Friday, May 15, 2020

The fragility of the brittle

Last night I had a thought that wasn't very original, but it took me to some places I wasn't expecting.  The thought, or observation, was that we are most fragile in those places where we've already been hurt.

I don't think that's because of the scarring, both physical and emotional, but because we harden ourselves to future hurts, and that hardening makes us stiffer, more brittle.  When we are assailed again, instead of bruising, we are more likely to shatter.

It takes an awful lot of courage to be able to stay flexible and soft, open, in the face of life's many inevitable hurts.  But that softness means that we don't have as far to go to heal when those hurts arrive.

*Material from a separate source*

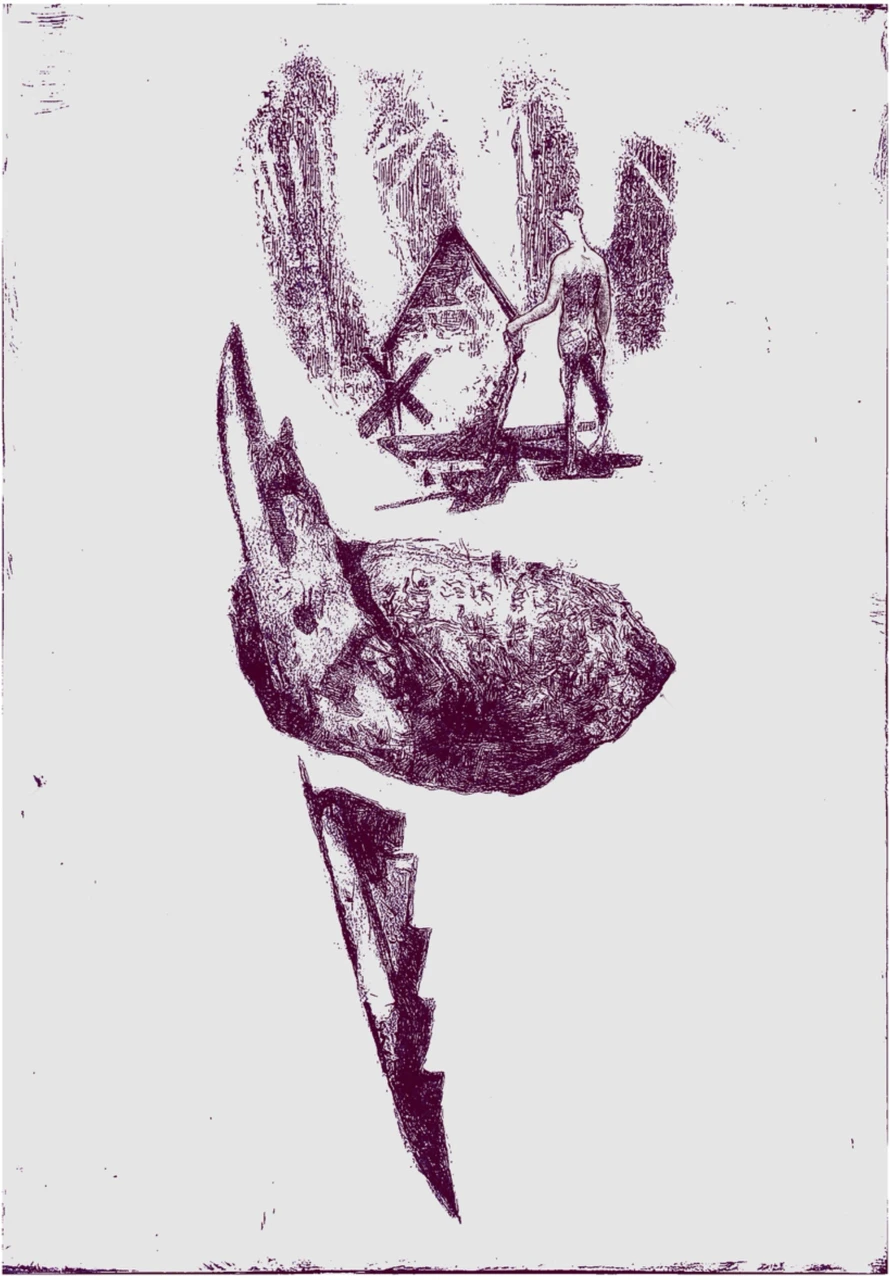 Одна из цикла работ "Метро". Черти в метро, на стройках и железных дорогах — не злодеи и не духи - они часть бессознательного. Графическая сатира о том, как ад стал повседневностью.

If only someone with a big microphone and a big audience had said something like that after 9/11.  If only we had all been guided toward healing instead of toward hatred.  This would be a different country, and it would be a different world.  That day made all of us in the U.S. terribly afraid, the violence of it, the horrid mess it made.  We were traumatized, no doubt, and look at what we've become since then, how divided, how insecure, how hard and brittle, how afraid.

We should remember that when we drop bombs ourselves.  Those we drop them on are terrorized, as we were, and they will harden themselves, as we have, becoming angrier and more righteous, as we are.

What on earth do we think is going to happen, with all this growing anger and righteousness?  I don't mean just we in this country, I'm talking about the world.  There seems to be more fighting and more and more, more blaming, more closed doors and walls, more accusations and threats.  Do today's global leaders actually want a war, so that they can strut around and feel like big men?  What do they - and we - think is going to happen if we don't all learn to work with each other?